File photo by THE ASSOCIATED PRESS Then National Security Adviser Michael Flynn speaks during the daily news briefing at the White House, in Washington.

Whistleblower: Flynn texts broached nuclear plan, sanctions

WASHINGTON — As Donald Trump delivered his presidential inaugural address last January, his national security adviser Michael Flynn told a former business associate in text messages that a private plan to build nuclear reactors in the Mideast was “good to go” and that U.S. sanctions hobbling the plan would soon be “ripped up,” a whistleblower told congressional investigators.

The witness did not specify which sanctions Flynn was referring to in his texts. But the nuclear project that Flynn and his business associate had worked on together was stymied by U.S. financial sanctions on Russia.

The witness’s account, made public Wednesday by the ranking Democrat on the House oversight committee, raises new concerns about the extent to which Flynn may have blurred his private and public interests during his brief stint inside the White House.

Trump fired Flynn in February, saying he had misled Vice-President Mike Pence and others about his contacts with Russia’s ambassador to the U.S. Flynn, a retired U.S. Army lieutenant general, pleaded guilty in federal court last week to one count of making false statements to the FBI and is now a co-operating witness in special counsel Robert Mueller’s probe into possible co-ordination between Trump’s campaign and Russian intermediaries during the 2016 election.

Maryland Rep. Elijah Cummings, the ranking Democrat on the Committee on Oversight and Government Reform, said Wednesday the whistleblower’s allegations raise concerns that Flynn improperly aided the nuclear project after joining the White House as one of Trump’s top national security officials. The project has yet to get off the ground.
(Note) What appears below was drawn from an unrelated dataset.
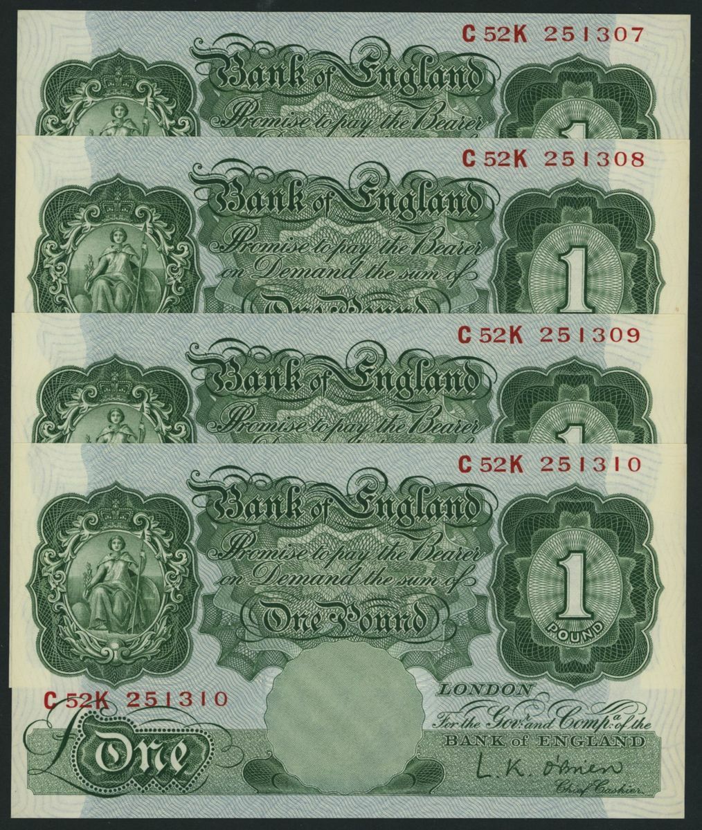 £1 (4), ND (1955), consecutive serial numbers C25K 251907-10;

Cummings detailed the whistleblower’s allegations in a letter to committee chairman Trey Gowdy, R-S.C., and urged Gowdy to authorize subpoenas to Flynn and his business associates to learn more about his efforts.

In a reply late Wednesday, Gowdy said he had shared Cummings’ letter with Rep. Michael Conaway, R-Texas, and Rep. Adam Schiff, D-Calif., the chairman and ranking Democrat heading the House intelligence committee inquiry into Russian involvement in the 2016 election. Gowdy spurned Cummings’ request for subpoenas, echoing his replies to previous Cummings subpoena requests.

“If you have evidence of a crime, you should provide it to the Special Counsel immediately,” Gowdy wrote.

Flynn had been a paid consultant for the venture before he joined the Trump campaign last year. The plan, backed by a group of investors, nuclear power adherents and former U.S. military officers, was to construct dozens of nuclear reactors across the Mideast with aid from Russian and other international private interests.

House Democrats noted that a federal ethics law requires White House officials to refrain for a year from dealing with any outside interests they had previously worked with on private business.

“Our committee has credible allegations that President Trump’s national security adviser sought to manipulate the course of international nuclear policy for the financial gain of his former business partners,” Cummings said.

The whistleblower told House Democrats that while Trump spoke in January, Flynn texted from the Capitol steps to Alex Copson, the managing director of ACU Strategic Partners and the nuclear project’s main promoter. The whistleblower, whose identity was not revealed in Cummings’ letter, said that during a conversation, Copson described his messages with Flynn and briefly flashed one of the texts, which appeared to have been sent 10 minutes after Trump was sworn in as president.

“Mike has been putting everything in place for us,” Copson said, according to the whistleblower. Copson added that “this is going to make a lot of very wealthy people.” The whistleblower also said that Copson intimated that Flynn would ensure that U.S. financial sanctions hobbling the nuclear project were going to be “ripped up,” allowing investment money to start flowing into the project.

Attorneys for Flynn and Copson did not immediately return email and phone requests for comment. White House lawyer Ty Cobb declined to comment on the allegation.

In Flynn’s plea agreement last week, prosecutors said he lied to FBI agents about his discussions on sanctions against Russia with Russian Ambassador Sergey Kislyak during the presidential transition.

Copson had promoted a succession of nuclear projects designed to include Russian participation dating back to the 1990s. In an earlier note to the committee, Copson said his firm had provided Flynn with a $25,000 check — left uncashed — and paid for Flynn’s June 2015 trip to the Mideast as a security consultant for the project.

Flynn’s financial disclosure did not cite those payments, but he did report that until December 2016, he worked as an adviser to two other companies that partnered with Copson’s firm. That consortium, X-Co Dynamics Inc. and Iron Bridge Group, initially worked with ACU but later pushed a separate nuclear proposal for the Mideast.